[WORKING DATA — start]
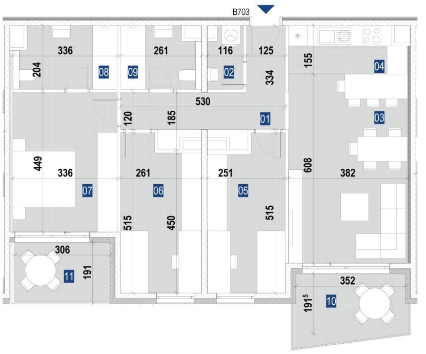 Stan se sastoji od hodnika, kuhinje, vešeraj, blagovaonice, dnevnog boravka, 2 dječje te 1 bračnom spavaćom sobom. Bračna soba ima izlaz na svoju loggiu te jedno od kupatila (s tuš kabinom).
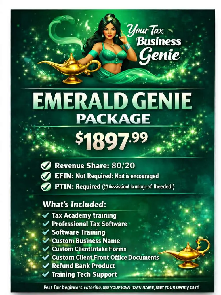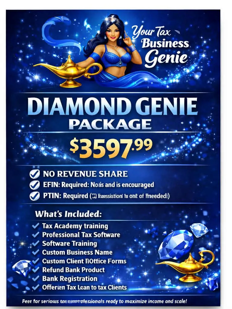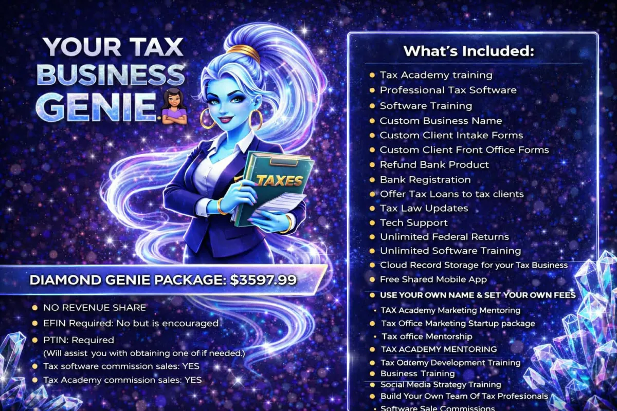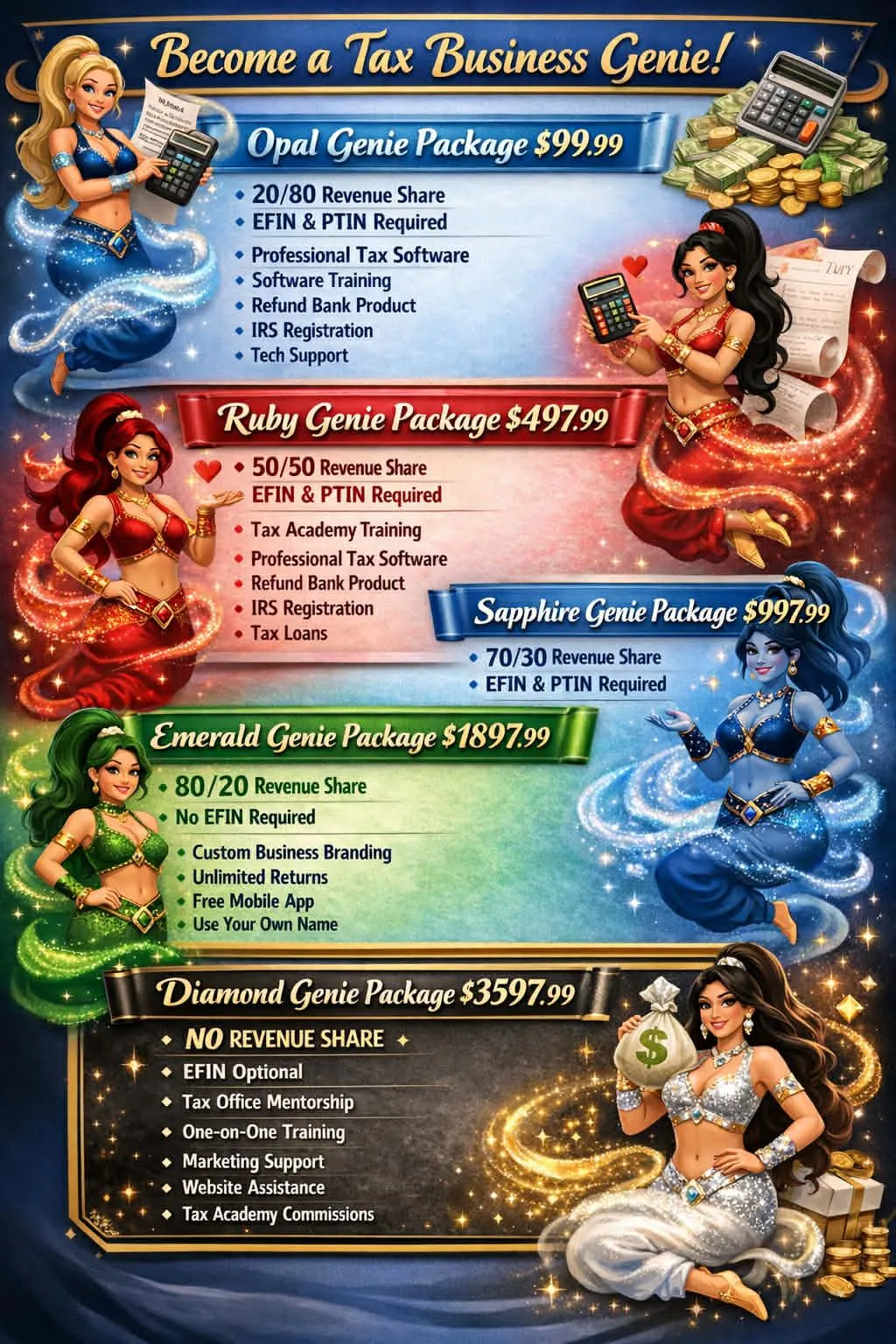 Your Tax Business Genie is here to get you set up for success. with this all inclusive software we have made multiple packages to benefit any tax professional. Whether you are just starting your tax business or you have been running multiple tax offices for years, we strive to better your situation and advance your business. Let us help you! Your wish is our command.
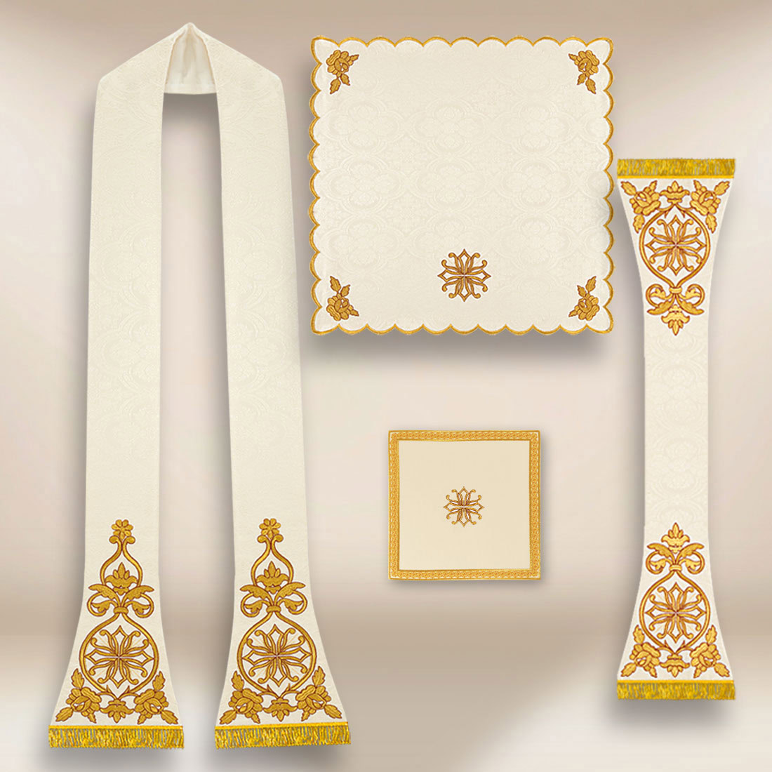 Scopri anche le altre casule romane ricamate in ecru disponibili nella nostra offerta.
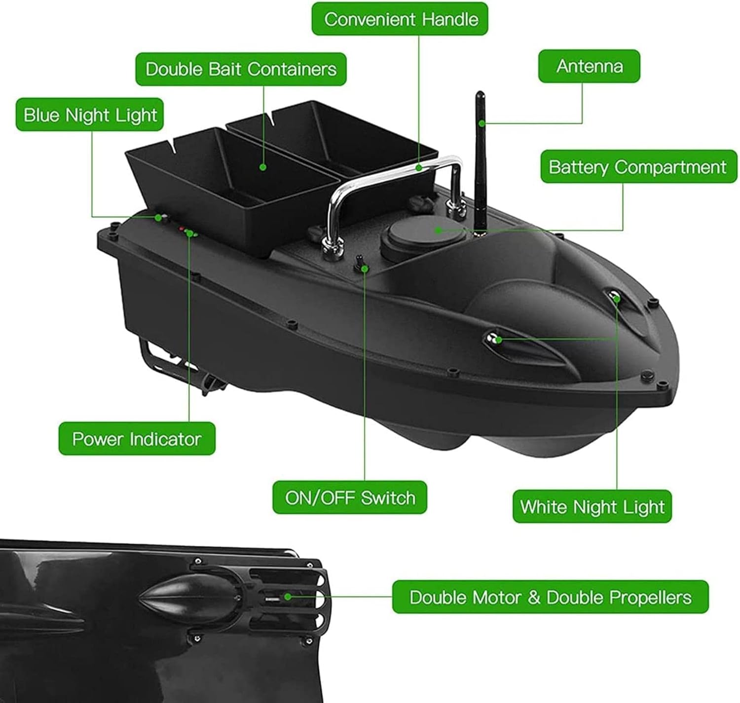 [Materiale ABS di alta qualità] La barca da pesca è realizzata in ABS di alta qualità stampato a iniezione, più stabile e resistente, in grado di resistere a forti venti e onde. La velocità massima può raggiungere i 5,4 km/h, l'autonomia massima è di circa 2 ore e l'impostazione dell'allarme di batteria scarica garantisce il ritorno in sicurezza della barca radiocomandata. [Barca esca]: la barca esca intelligente adotta il sistema di posizionamento GPS per trasportare esche e ami per la pesca o per depositare le esche sul fondo del lago. Per gli appassionati di pesca, spesso riserva sorprese inaspettate. Ideale per i pescatori. [Ricezione del segnale a 500 m]: la barca esca con telecomando intelligente ha una funzione di telecomando intelligente, la distanza del telecomando è di 500 m, il raggio di sterzata è di 0,8-1,0 m, la trasmissione del segnale è stabile, 500 m senza interferenze e il segnale è più stabile in un ambiente pulito. [Design delle luci di navigazione notturne] Comodo da usare di notte o nelle giornate nuvolose. Il design dell'illuminazione, con luci anteriori e posteriori a due colori con telecomando, determina chiaramente la posizione della nave e fornisce un buon ambiente luminoso. [Ampia gamma di applicazioni] Adatto a fiumi, laghi e zone con acque poco profonde. È uno strumento di pesca indispensabile e pratico. È un'ottima scelta per te.
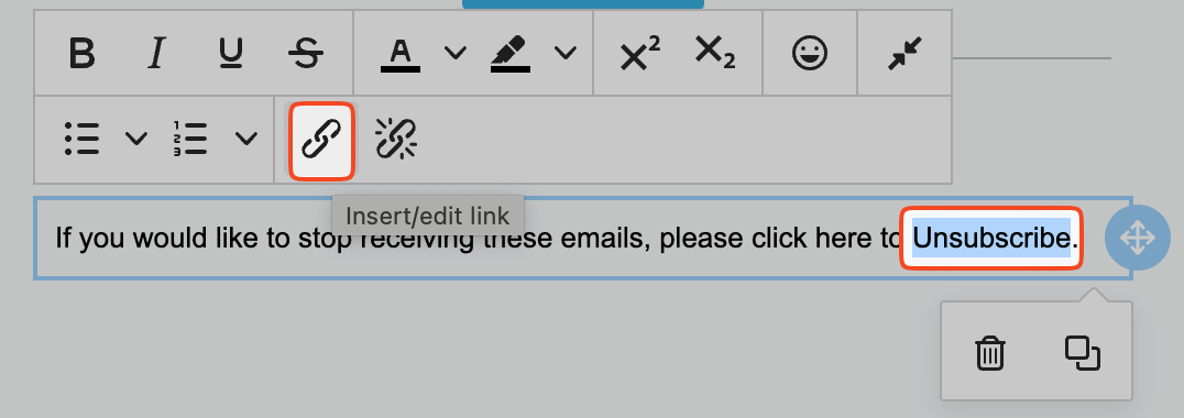 Select the text you want to use as the hyperlink, such as “click here to unsubscribe” or similar.
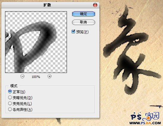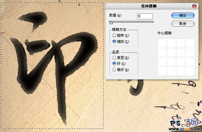 拉出一个矩形选区,选取一个文字,执行“径向模糊”滤镜,形成墨迹融开的效果。
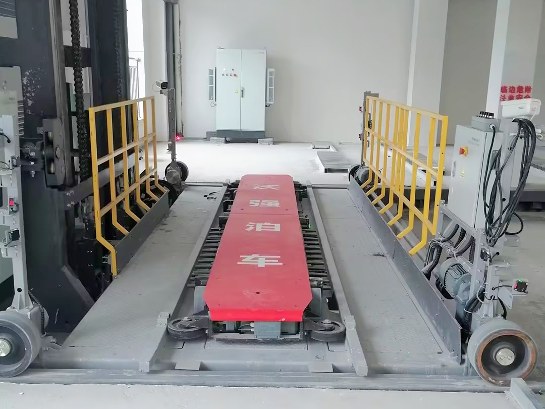 惠民苑社區(qū)服務(wù)中心改造工程EPC項目配備有地上6層的平面移動型車庫,共有127個車位,由轉(zhuǎn)盤、端部升降機(jī)、橫移臺車和梳齒搬運(yùn)器等設(shè)備組成完整的停車系統(tǒng)。轉(zhuǎn)盤設(shè)置在出入口車廳內(nèi),可實現(xiàn)汽車的轉(zhuǎn)向功能;端部升降機(jī)設(shè)置在車庫內(nèi)部巷道的側(cè)邊,可實現(xiàn)車輛的豎直提升功能;橫移臺車設(shè)置在升降機(jī)內(nèi),可實現(xiàn)車輛的橫向搬運(yùn)功能;梳齒搬運(yùn)器設(shè)置在橫移臺車內(nèi),采用電機(jī)驅(qū)動行走輪實現(xiàn)汽車縱移運(yùn)動,具有運(yùn)行平穩(wěn)、承載能力強(qiáng)的特點(diǎn);車庫總控制設(shè)備設(shè)置在一層監(jiān)控室內(nèi),用于所有停車機(jī)電設(shè)備的控制和調(diào)度。
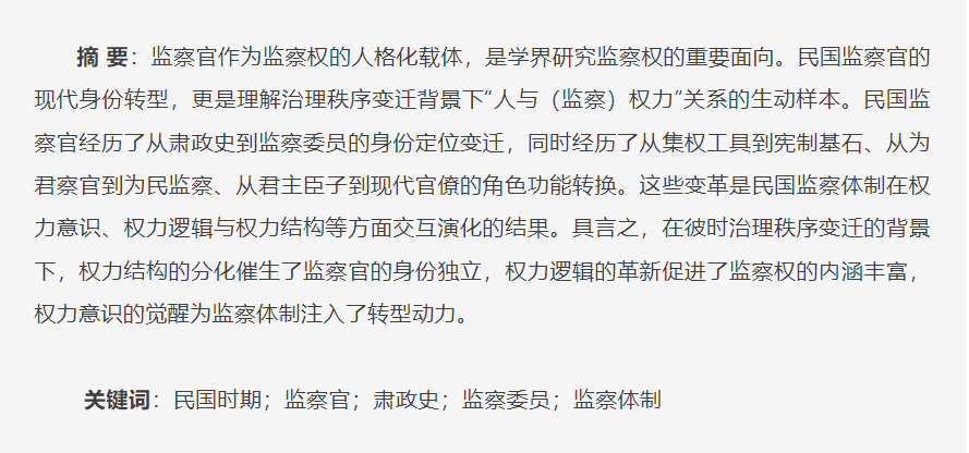 云静达:《从御史到监察委员:民国监察官的身份转型及其成因》,载《法律史评论》2024年冬季卷(总第26卷),第72至91页。
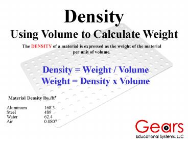Density Using Volume to Calculate Weight
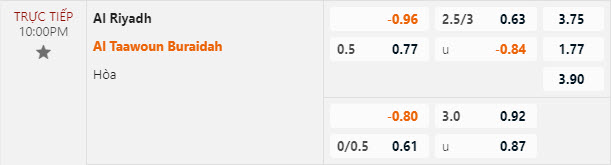Tỷ lệ kèo Al-Riyadh vs Al Taawon
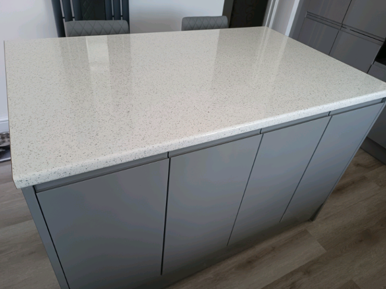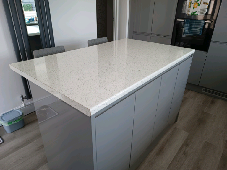 Brand new white gloss with silver sparkle island/ breakfast bar workto
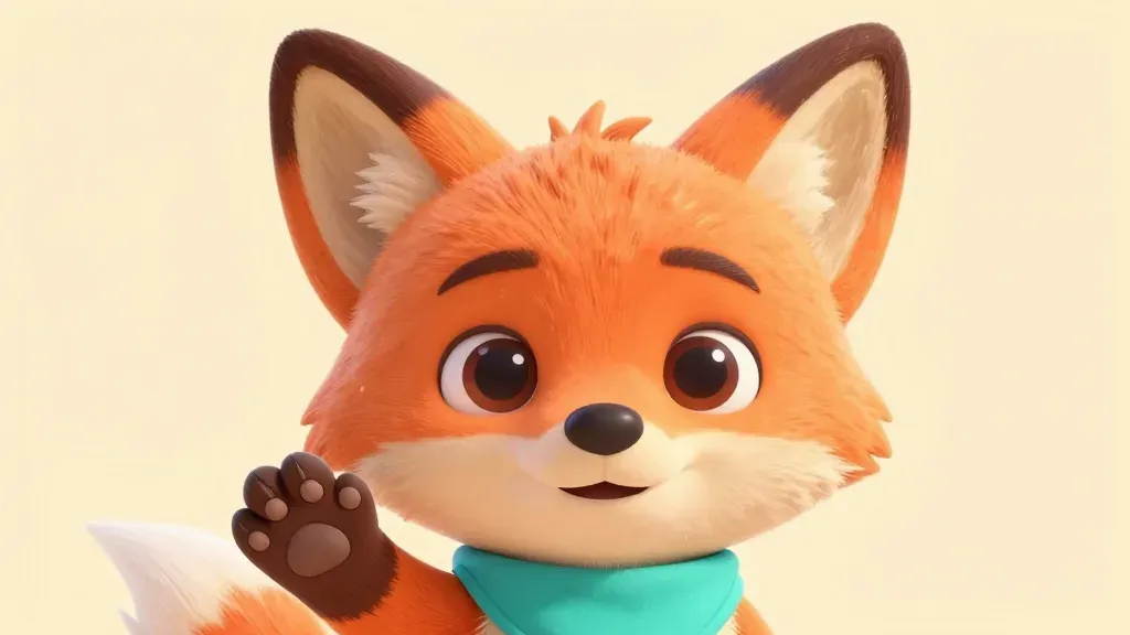 A close-up of a curious fox pup waving its paw, showcasing its soft, glossy fur and teal shirt against a cream-colored background. The diffused, ambient lighting highlights the texture and creates a gentle, inviting atmosphere.
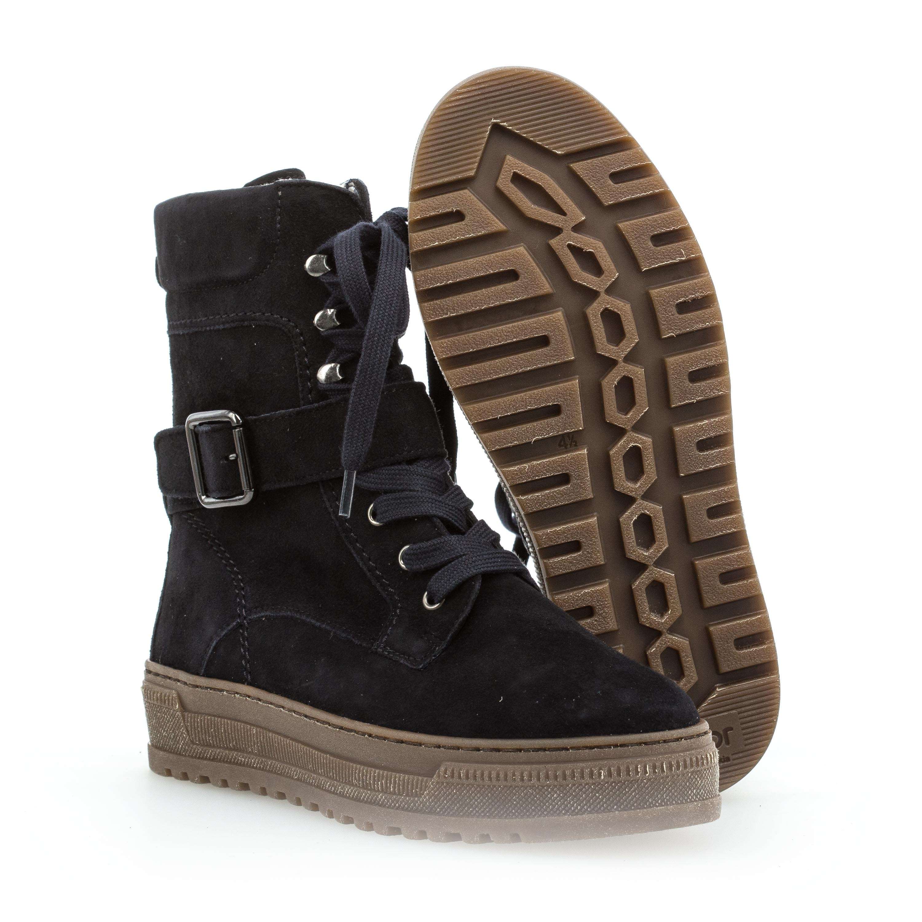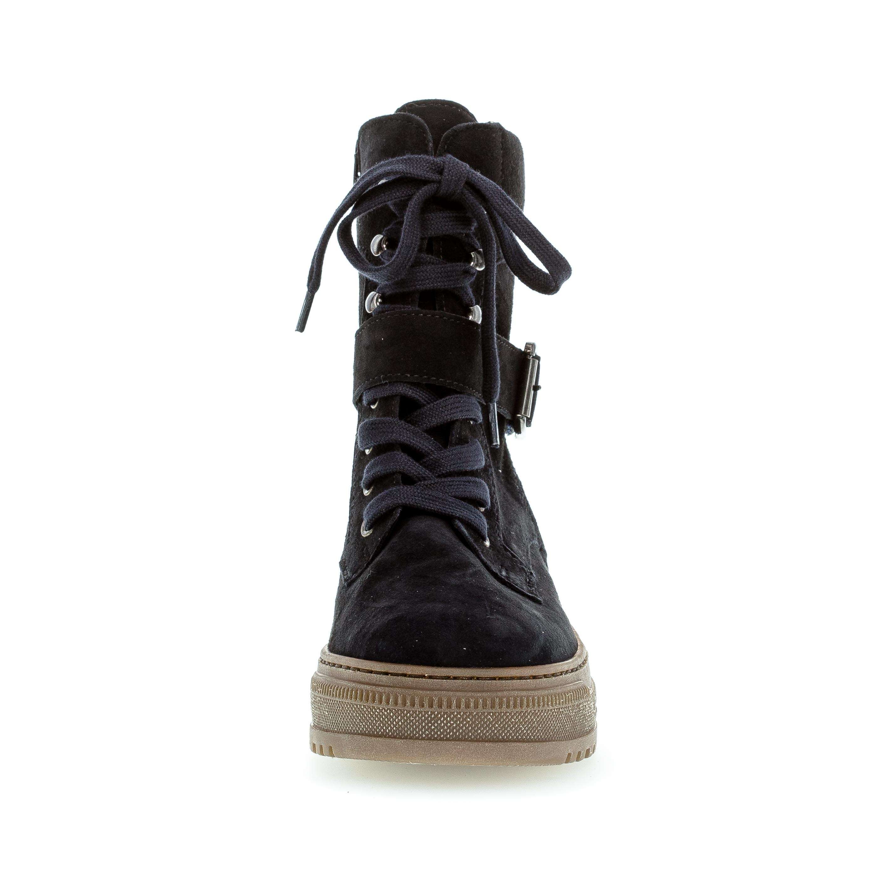 Dámská kožená kotníková obuv značky Gabor se vyznačuje svým jednoduchým zdobením v podobě prošívání a pásku se sponou kolem kotníku. Pro snadné nazouvání slouží zip na vnitřní straně a šněrováním si obuv přizpůsobíte dle svých požadavků. Tato obuv bude Vaším dobrým partnerem na procházkách městem.
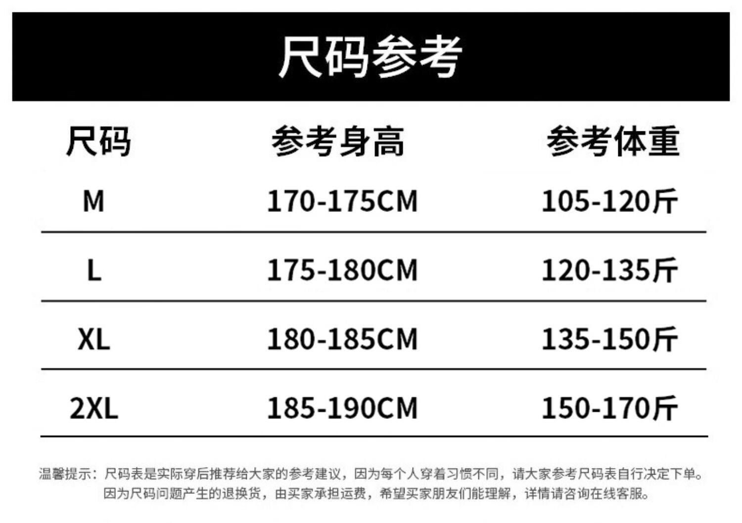 China (cm) 165 / 88-90 170 / 96-98 175 / 108-110 180 / 118-122 185 / 126-130
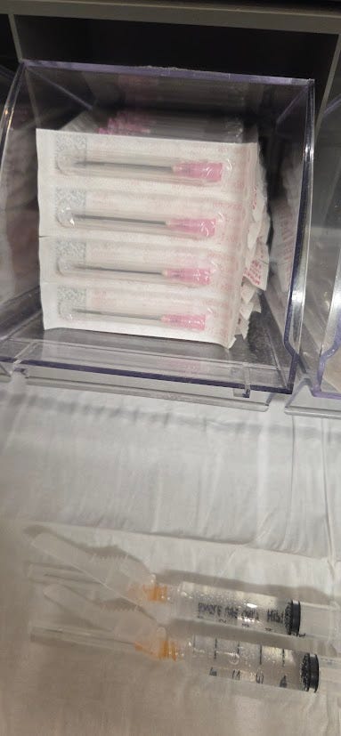 We did more injections, varying to trigger points and epidurals. I told him to save his lidocaine the twentieth visit. I was used to it, and some other patients might need it if there’s ever a shortage.
[WORKING DATA — finish]
* **GOAL OF THE EXERCISE**
Restate the entries word for word, though any image they contain should not appear.

* **REPLY TO THE EXERCISE**
 Stan se sastoji od hodnika, kuhinje, vešeraj, blagovaonice, dnevnog boravka, 2 dječje te 1 bračnom spavaćom sobom. Bračna soba ima izlaz na svoju loggiu te jedno od kupatila (s tuš kabinom).
 Your Tax Business Genie is here to get you set up for success. with this all inclusive software we have made multiple packages to benefit any tax professional. Whether you are just starting your tax business or you have been running multiple tax offices for years, we strive to better your situation and advance your business. Let us help you! Your wish is our command.
 Scopri anche le altre casule romane ricamate in ecru disponibili nella nostra offerta.
 [Materiale ABS di alta qualità] La barca da pesca è realizzata in ABS di alta qualità stampato a iniezione, più stabile e resistente, in grado di resistere a forti venti e onde. La velocità massima può raggiungere i 5,4 km/h, l'autonomia massima è di circa 2 ore e l'impostazione dell'allarme di batteria scarica garantisce il ritorno in sicurezza della barca radiocomandata. [Barca esca]: la barca esca intelligente adotta il sistema di posizionamento GPS per trasportare esche e ami per la pesca o per depositare le esche sul fondo del lago. Per gli appassionati di pesca, spesso riserva sorprese inaspettate. Ideale per i pescatori. [Ricezione del segnale a 500 m]: la barca esca con telecomando intelligente ha una funzione di telecomando intelligente, la distanza del telecomando è di 500 m, il raggio di sterzata è di 0,8-1,0 m, la trasmissione del segnale è stabile, 500 m senza interferenze e il segnale è più stabile in un ambiente pulito. [Design delle luci di navigazione notturne] Comodo da usare di notte o nelle giornate nuvolose. Il design dell'illuminazione, con luci anteriori e posteriori a due colori con telecomando, determina chiaramente la posizione della nave e fornisce un buon ambiente luminoso. [Ampia gamma di applicazioni] Adatto a fiumi, laghi e zone con acque poco profonde. È uno strumento di pesca indispensabile e pratico. È un'ottima scelta per te.
 Select the text you want to use as the hyperlink, such as “click here to unsubscribe” or similar.
 拉出一个矩形选区,选取一个文字,执行“径向模糊”滤镜,形成墨迹融开的效果。
 惠民苑社區(qū)服務(wù)中心改造工程EPC項目配備有地上6層的平面移動型車庫,共有127個車位,由轉(zhuǎn)盤、端部升降機(jī)、橫移臺車和梳齒搬運(yùn)器等設(shè)備組成完整的停車系統(tǒng)。轉(zhuǎn)盤設(shè)置在出入口車廳內(nèi),可實現(xiàn)汽車的轉(zhuǎn)向功能;端部升降機(jī)設(shè)置在車庫內(nèi)部巷道的側(cè)邊,可實現(xiàn)車輛的豎直提升功能;橫移臺車設(shè)置在升降機(jī)內(nèi),可實現(xiàn)車輛的橫向搬運(yùn)功能;梳齒搬運(yùn)器設(shè)置在橫移臺車內(nèi),采用電機(jī)驅(qū)動行走輪實現(xiàn)汽車縱移運(yùn)動,具有運(yùn)行平穩(wěn)、承載能力強(qiáng)的特點(diǎn);車庫總控制設(shè)備設(shè)置在一層監(jiān)控室內(nèi),用于所有停車機(jī)電設(shè)備的控制和調(diào)度。
 云静达:《从御史到监察委员:民国监察官的身份转型及其成因》,载《法律史评论》2024年冬季卷(总第26卷),第72至91页。
Density Using Volume to Calculate Weight
Tỷ lệ kèo Al-Riyadh vs Al Taawon
 Brand new white gloss with silver sparkle island/ breakfast bar workto
 A close-up of a curious fox pup waving its paw, showcasing its soft, glossy fur and teal shirt against a cream-colored background. The diffused, ambient lighting highlights the texture and creates a gentle, inviting atmosphere.
 Dámská kožená kotníková obuv značky Gabor se vyznačuje svým jednoduchým zdobením v podobě prošívání a pásku se sponou kolem kotníku. Pro snadné nazouvání slouží zip na vnitřní straně a šněrováním si obuv přizpůsobíte dle svých požadavků. Tato obuv bude Vaším dobrým partnerem na procházkách městem.
 China (cm) 165 / 88-90 170 / 96-98 175 / 108-110 180 / 118-122 185 / 126-130
 We did more injections, varying to trigger points and epidurals. I told him to save his lidocaine the twentieth visit. I was used to it, and some other patients might need it if there’s ever a shortage.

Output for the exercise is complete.